И в колхозах я был, и по Янцзы дней семь плыл на холодном-прехолодном металлическом неотапливаемом пароходе, да еще и в снежную бурю, а попросился на джонку — пожалуйста, день плыл и на джонке, потом на машине догонял пароход. Был и в соворганизациях, в комитете по освоению бассейна Янцзы в городе Ухани. Там у наших специалистов я получил каким-то образом опубликованную свою работу по вопросу освоения целины, о которой дома и упоминать-то «не рекомендовалось», поскольку я ссылался на дореволюционного экономиста, споря с утверждениями самого Трофима Денисовича (Лысенко).
Кроме серьезных наблюдений, я мог бы набрать и десятка два случаев-анекдотов.
Например. Один из наших переводчиков-китайцев уже не первый год переводил на китайский М.Е. Салтыкова-Щедрина.
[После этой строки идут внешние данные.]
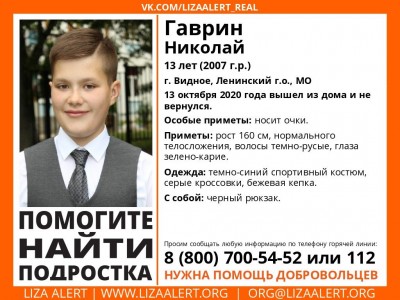 13 октября из дома ушел 13-летний мальчик, обратно он так и не вернулся. Николай Гаврин проживал в городе Видное в Ленинском городском округе Московской области.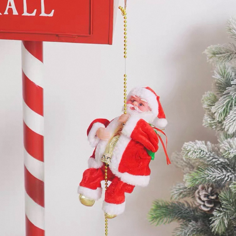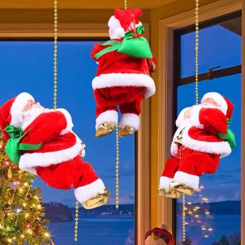 [Star] Hadiah Natal Boneka Santa Claus Elektrik Mainan Musik Dekorasi Pajangan Anak-anak Natal Hiasan Natal Ransel Tali Panjat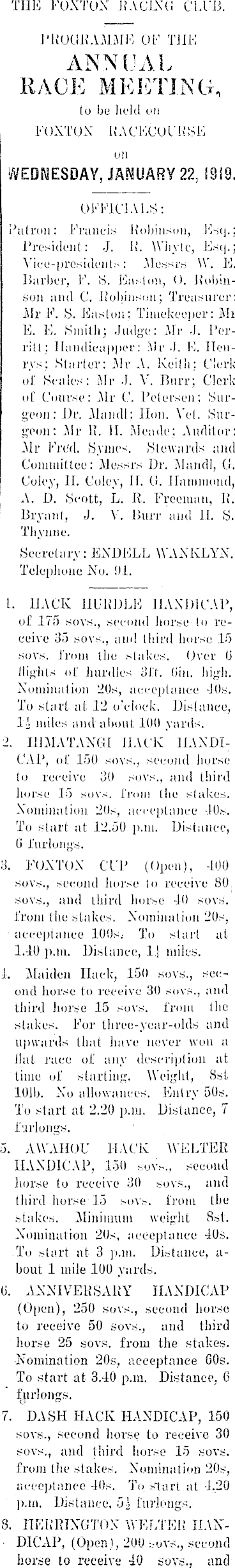 THE EOXTUX R.VCLXG CLCD. PRUGRAAIAIE OF TJIE ANNUAL RACE MEETING, to be held on EOXTUX RACECOURSE on iVEDWESDAY, JANUARY 22, S9S9. OFFICIALS: Falron: .Francis Robinson, Esq.; President: J. R. Whyte, Esq.; Vice-presidents: .Messrs \V. E. Barber, E. S. Easton, O. Robinson and C. Robinson; Treasurer: Mr F. S. Easton; Timekeeper: Air E. E. (Smith; Judge: Air J, Perrill; Handieapper; Mr J. E. Ilenrys; Starter: Air A. Keith: Clerk oi - Scales: Air J. V. Burr; Clerk of Course: Air C. Petersen; Surgeon; Dr. Ala mil; Hon. Vet. Surgeon; Air R. 11. Aleade; Auditor; Air Fml. Symes. Stewards and Committee: Aiessrs Dr. Alnndl, 0. Coley, 11. Coley, 11. C. Hammond, A. D. (Scott, L. R. Freeman, R. Bryant, J. V. Burr and H. S. Thynne. Secretary: EXDELL WAXKLYX. Telephone Xo. 01. 1. HACK HURDLE HAXDICAP, of 175 sovs., second horse to receive 35 so\’s., and third horse 15 sows. J'rom the slakes. Over (J llights of hurdles 3ft. bin. high. Xominalion 20s, acceptance 40s. To start at 12 o'clock. Distance, 14 miles and about 100 yards. 2. IHAIATAXGI HACK HANDICAP, of 150 soys., second horse to receive 30 sovs., and third Jior.se 15 sovs. from the stakes. Xomination 20s, acceptance 40s. To start at 12.50 p.m. Distance, b furlongs. 3. FDXTOX CUP (Open), 400 sovs., second horse to receive 80. sovs., and third horse 40 sovs. from the stakes. Xominalion 20s, acceptance 100 s- To start at 1.40 p.m. Distance, 11 miles. I. Alaiden Hade, 150 sovs., second lior.se to receive 30 sovs., and third horse 15 sovs. from the stakes. For three-year-olds and upwards that have never won a Hat nice of any description at time of starting. Weight, fist 101 b. Xu allowances. Entry 50s. To start at 2.20 p.m. Distance, 7 furlongs. 5. AWAHOU HACK WELTER HANDICAP, 150 sov>., second horse to receive 30 sovs., and third horse-15 sovs. from the stakes. Minimum weight fist. Xominalion 20s, acceptance 40s. To start at 3 p.m. Distance, about 1 mile 100 yards. 0. AXXIVERSARY HANDICAP (Open), 250 sovs., second horse to receive 50 sows., and third horse 25 sovs. from the stakes. Xomination 20s, acceptance 60s. To start at 3.40 p.m. Distance, 6 ' furlongs. 7. DASH HACK HANDICAP, 150 sovs., second horse to receive 30 sovs., and third horse 15 sovs. from the slakes. Nomination 20s, acceptance 40s. To start at 4.20 p.m. Distance, 51 furlongs. 8. HERRINGTON WELTER lIAX- ■ DICAP, (Open), 200 sows., second horse to receive 40 sovs., unci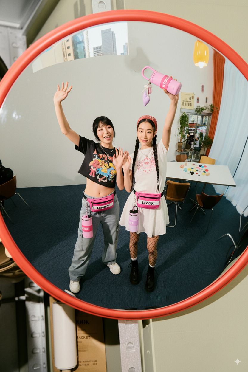 Two women in their early 20s stand before a convex mirror, their reflections in the mirror. They are both celebrating freely, with nothing in their hands. The surroundings, reflected in the mirror, are a downtown street. They are wearing hip, casual, and feminine clothing. A hot pink belt bag with a chain, complete with a horizontal stripe reading "LEGODT," hangs from their hips. The tumbler is pink. This is a promotional image for the tumbler. Wide angle, full body shot, high angle.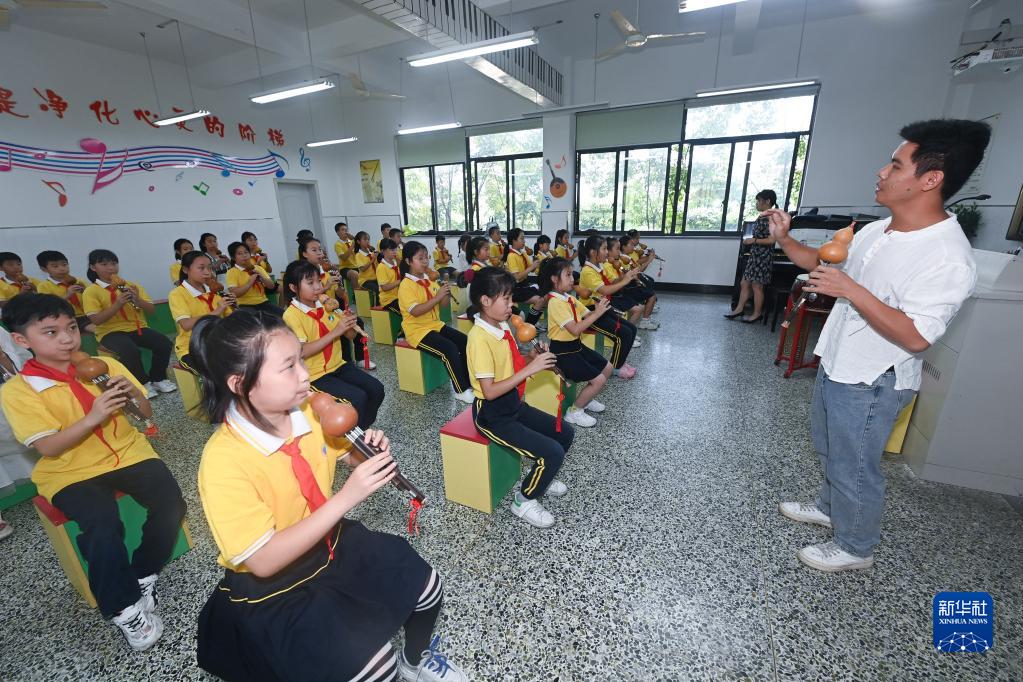 9月6日,葫蘆絲藝人聶棟楊在給板橋鎮板橋小學的學生上葫蘆絲課。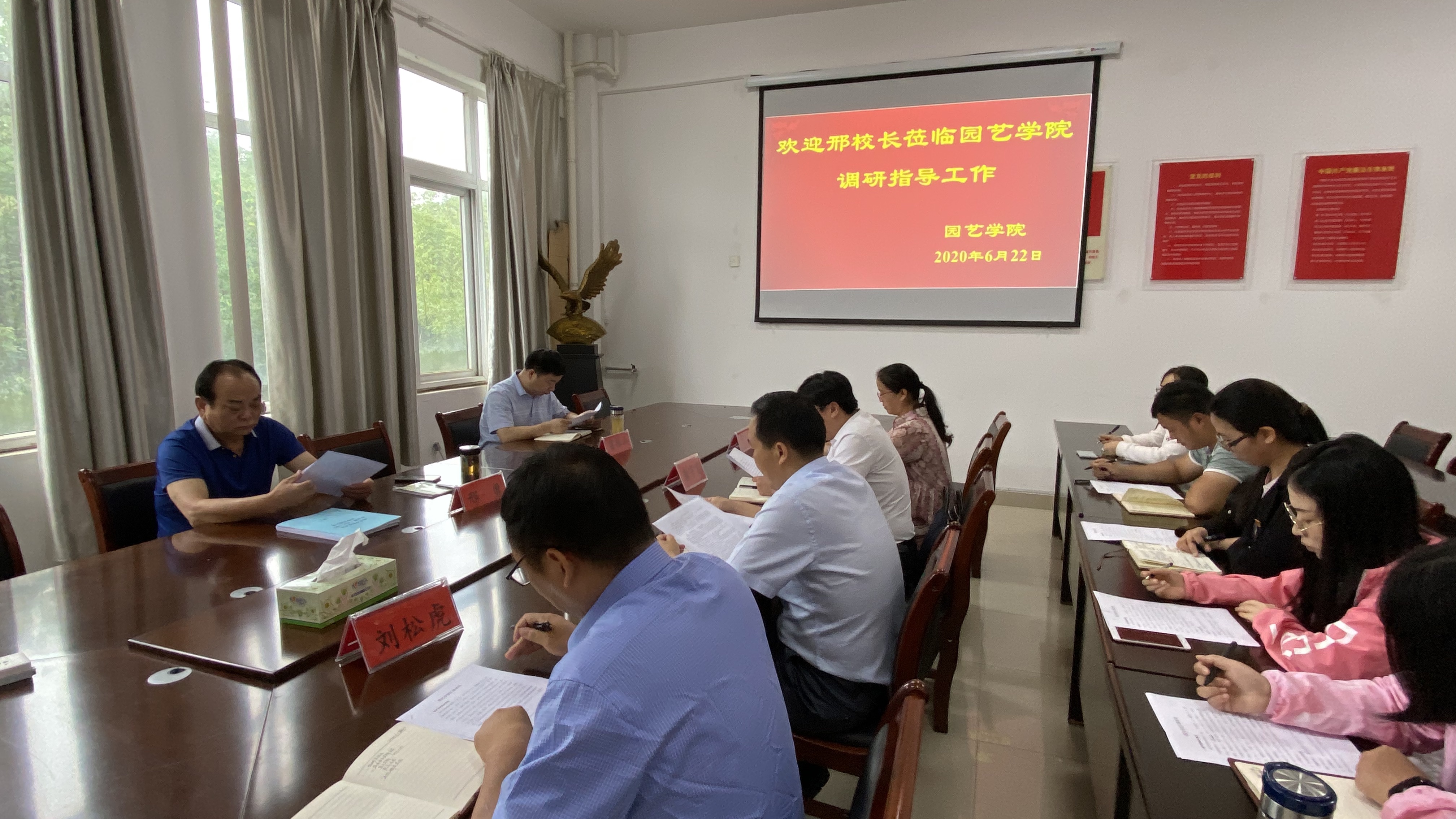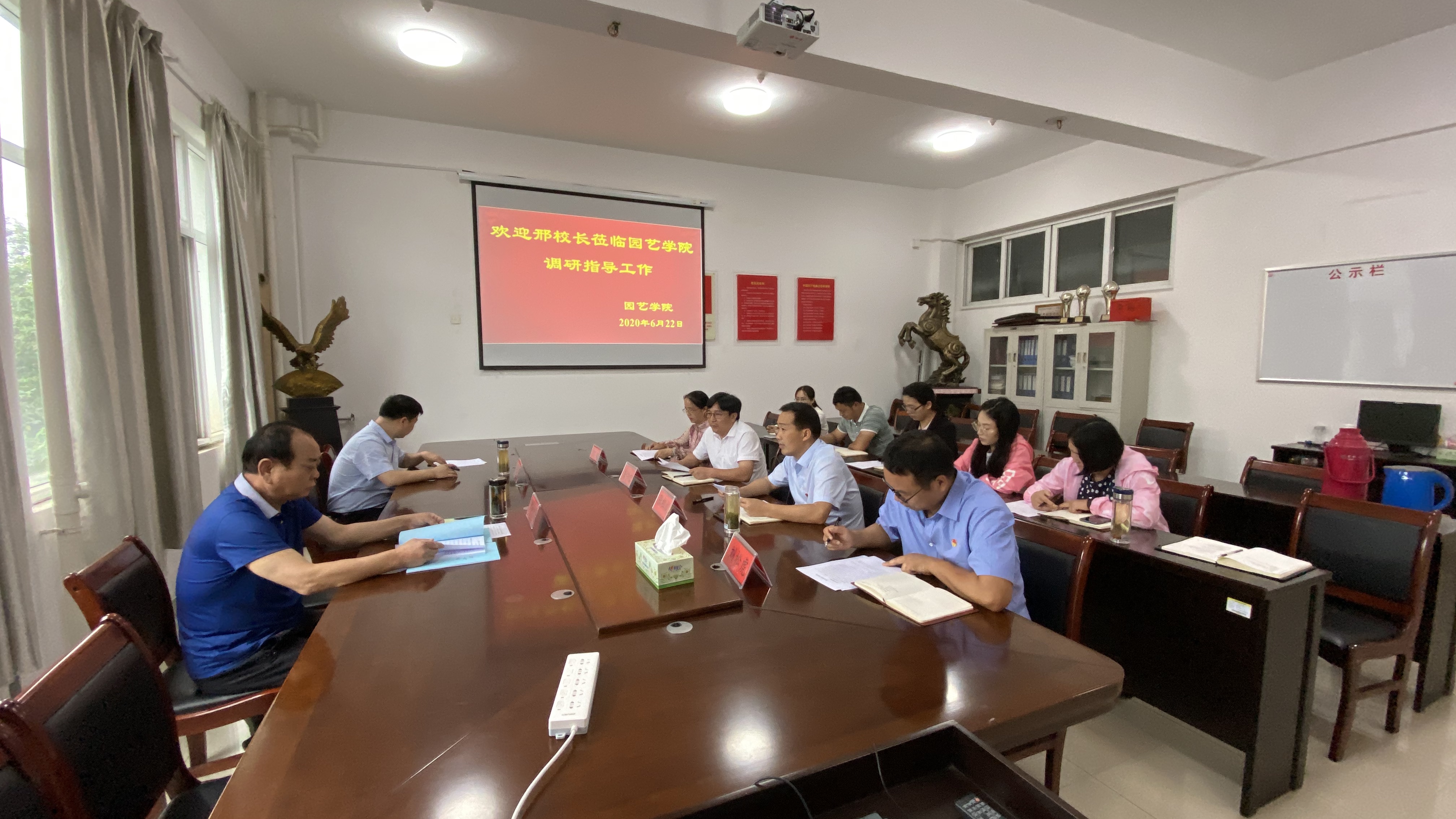 6月22日上午,校长邢勇莅临园艺学院调研指导工作,校办主任雷振山陪同调研。园艺学院党政班子成员、教研室主任及全体科级干部参加调研会。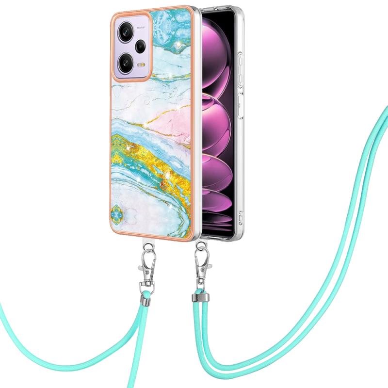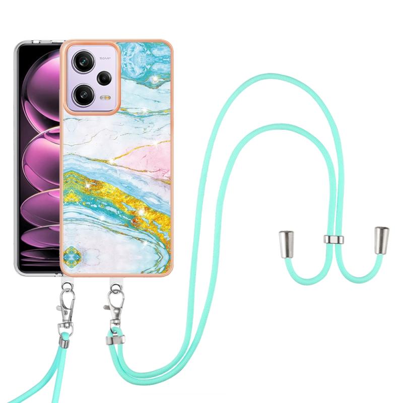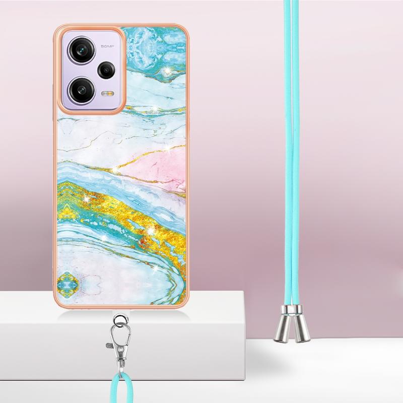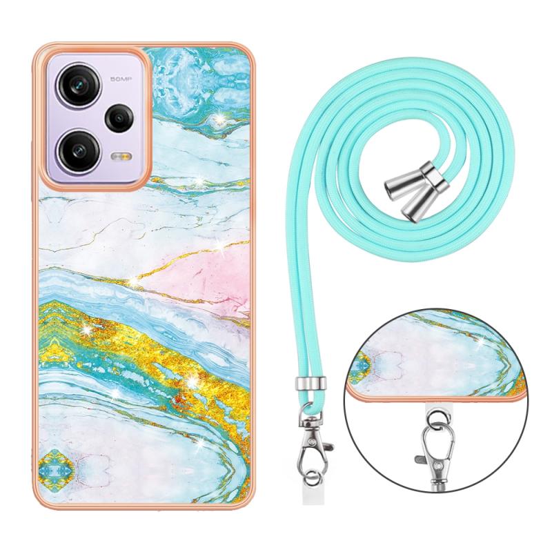 For Xiaomi Redmi Note 12 Pro 5G Global Electroplating Marble Dual-side IMD Phone Case with Lanyard(Green 004)

Когда я уезжал, он сказал мне, что труд это — адский, что очень многих слов и словосочетаний он попросту не понимает. Вот если он будет присылать мне в Новосибирск тексты Салтыкова, которые ему непонятны, а я буду перелагать их на русский, но общедоступный язык и пересылать их ему обратно в Пекин? Я согласился. Результат? В результате едва ли не все основные произведения Салтыкова я перевел с русского на русский и теперь неплохо знаю Щедрина. И полагаю, что его «Современная идиллия» — выдающееся произведение мировой литературы, особенно существенное для нас и в наше время, но почему-то оно даже не всегда и упоминается в перечне основных трудов Салтыкова. А — зря! Действующие лица «идиллии» (тот же Глумов) нынче да-а-алеко пошли, не то что сто десять лет тому назад, а достигнув высоких постов. Конечно, уж никто из них не напишет ничего такого, что позволил себе писать вице-губернатор рязанский и тверской. Не потому не напишет, что нельзя. А потому, что никто так не сумеет, потому, что нынешний язык этого не позволит. Одним словом: нигде и ни в чем я не проходил такой школы русского языка и русской литературы, как при переводе Салтыкова с русского на русский.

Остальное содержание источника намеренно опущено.